Moore spent most of his first three professional hockey seasons with the Flyers' American Hockey League (AHL) affiliate, the Maine Mariners. In 1978–79, Moore shared the Mariners' goalie job with Pete Peeters and Rick St. Croix, posting a 3.38 goals against average in 26 games as the Mariners won the Calder Cup as the AHL champions. The Mariners led the AHL in goals against average for the season, and Moore and Peeters shared the Harry "Hap" Holmes Memorial Award, awarded to the goalies who play at least 25 games for the team that leads the AHL with the lowest goals against average. Moore also played five regular season games for the Flyers that season after Hall of Fame goalie Bernie Parent suffered a career-ending eye injury. His NHL debut came on March 6, 1979 against the Colorado Rockies, and Moore registered a 5–0 shutout in his debut. In his five NHL regular season games, Moore had a 1.77 goals against average and also earned one assist. He ended up with two shutouts in his five NHL games, placing him in the top 10 for NHL shutouts that season, in a tie for 9th overall.

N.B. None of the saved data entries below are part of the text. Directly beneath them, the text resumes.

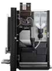
OPTIBEAN 3 (XL) TOUCH
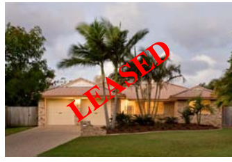
Redwood Court, Currimundi $475.00 p/w
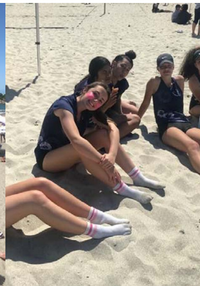
Year 10's relaxing
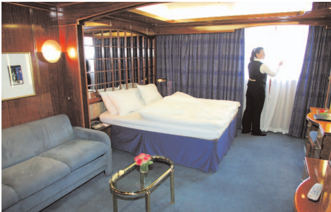
Category B Suite
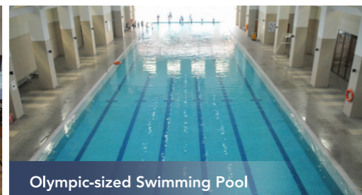
Olympic-sized Swimming Pool
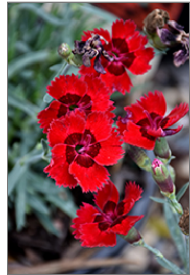
Fire Star Dianthus flowers

Fire Star Dianthus is recommended for the following landscape applications;
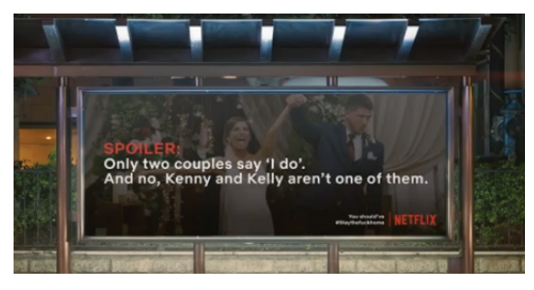
Picture 17. A shot from a spot for Netflix The Spoiler Billboard (IS18)

The last example to be discussed is Netflix commercial The Spoiler Billboard . It took the form which resembled a social campaign against going out in the times of lockdown. The commercial was targeted mainly at young Netflix users, for whom the need to meet their peers was the strongest and the moral obligation to stay home the weakest. The aim was to discourage people from going out by putting up bill-boards filled with spoilers from Netflix Originals in gathering spaces. The copy body said 'Some people still think it is ok to go out and chill, spoiling it for us all, so we took an extreme measure: we spoil their favourite Netflix shows' (IS18). The caption stated 'If the virus doesn't stop you from going out... The spoilers will'.
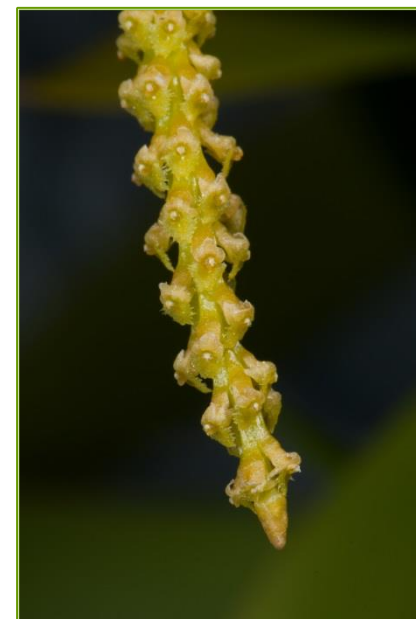
Oberonia flavescens
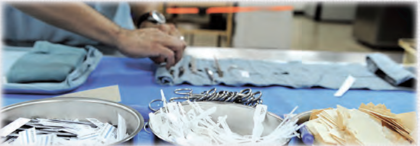
A Navy hospital corpsman rolls surgical tools for sterilization aboard the hospital ship USNS Comfort. Medical and surgical items are among the supplies DLA provides to the Comfort and its sister ship, the USNS Mercy, which are often called up at a moment's notice to support U.S. forces or humanitarian assistance missions.
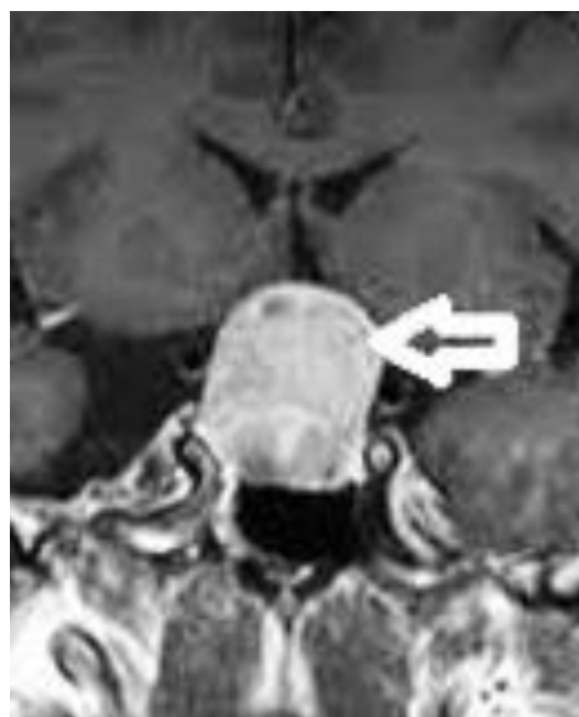
Figure 3 Coronal view, post-contrast T1 brain magnetic resonance imaging, showing a pituitary macroadenoma with compression of the optic chiasm (arrow).
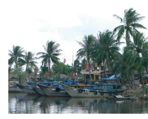
Commission 4 has a key role in planning coastal areas and on coastal zone management.
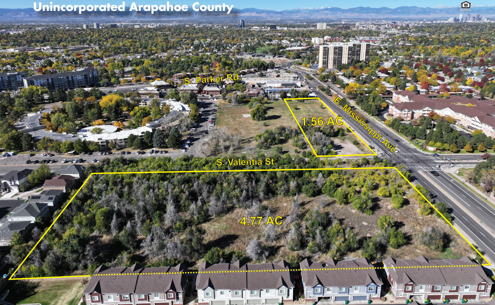
Boundaries presented as a visual reference only. Consult broker for complete legal description.
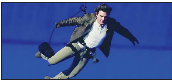
Tom Cruise is lowered on the Stade de France during the 2024 Summer Olympics closing ceremony in Saint-Denis, France.
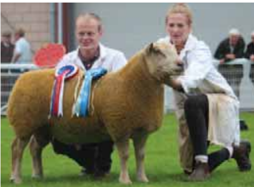
Moelfryn Tip Top

All three are ARR/ARR and have been toxovaxed, enzovaxed and on the Heptavac P+ system.
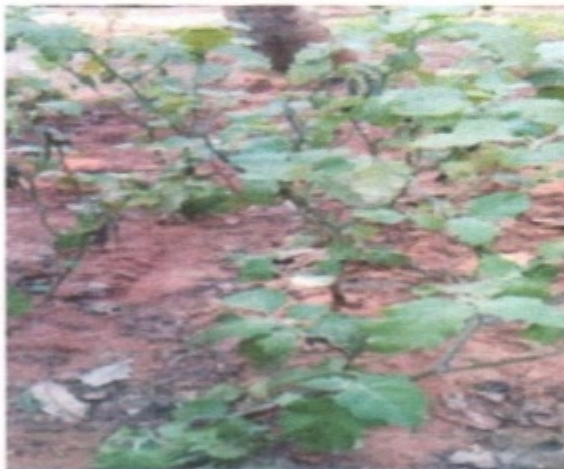
Brinjal ( Solanum melongena )

A plantation program was conducted in the college on 03.07.2018. Prof.N.Sundaramoorthy was the convener of Enviro Club. The member and convener along with Principal planted different kinds of plants inside the college campus. These herbal plants play a major role in environment which contains wealthy chemical compounds such as secondary metabolites and control pests inside the college for maintaining pest free campus..
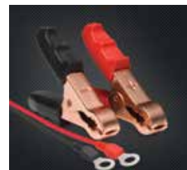
DC Charging Clamps and Quick connect ring terminals - 6 Amp model only
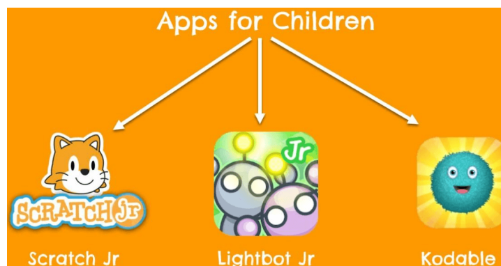
Figure 3 Apps for young age children to promote CT and coding skills

a small purchase cost. The previously mentioned programming environments belong to the category of mobile programming environments. In addition, young students can use Web-based programming environments in programming and the development of CT such as Kodable and the section for children who do not know how to read via the use of special applications such as Code.com (Zaranis et al., 2019). (see Figure 3)
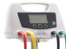
HUNTLEIGH Dopplex Ability Auto ABI System (123-8783)...Each
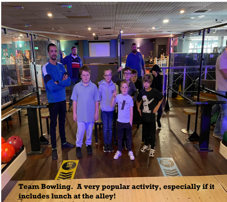
Team Bowling. A very popular activity, especially if it includes lunch at the alley!

Many of our children will leave school without any meaningful qualification (indeed that is if they went to school at all). This is not to say that most of them lack any intelligence, far from it. So we aim to teach them or help them discover qualities that will make them highly employable. Social skills are top of the list, work ethic is high too and generally a realisation that being a nice person can have its rewards and get you noticed. This is not easy and we have to get inside their heads and win their confidence to do this. A lot of this can be done in social and leisure activities. Don't confuse this with the old chestnut of rewarding bad behaviour... our youngsters really earn anything we give them. Here are a few activities we have repeated throughout the year.
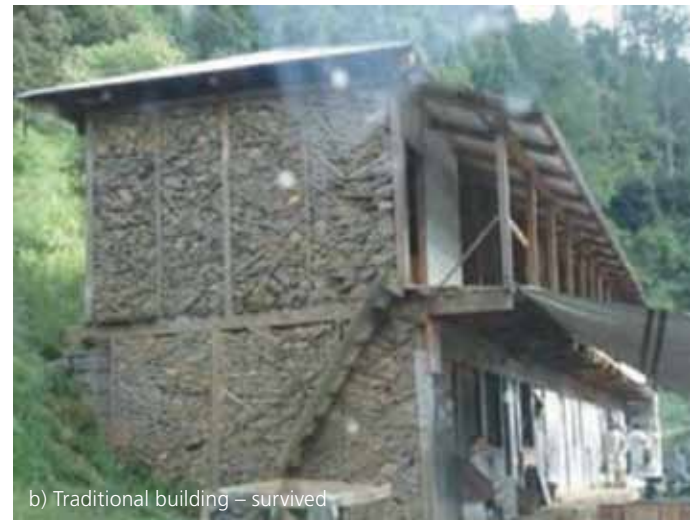
Figure 3: Comparing performance of modern and traditional construction in the 2005 Kashmir earthquake
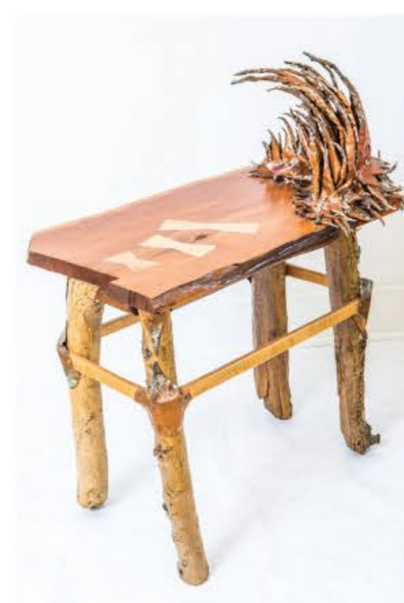
In 2011 Sheehan began creating furniture/sculpture hybrids using wood, metal and found objects.

For more information on Sheehan's work, visit rosssheehanart.com . HALF MOON BAY

Moore was also on the Flyers' roster for the 1979 playoffs. He played five games in the playoffs as well, more than any other Flyers' goalie that season. He had a 4.03 goals against average in the playoffs and one assist, as the Flyers won their first round playoff series against the Vancouver Canucks but lost to the New York Rangers in the second round.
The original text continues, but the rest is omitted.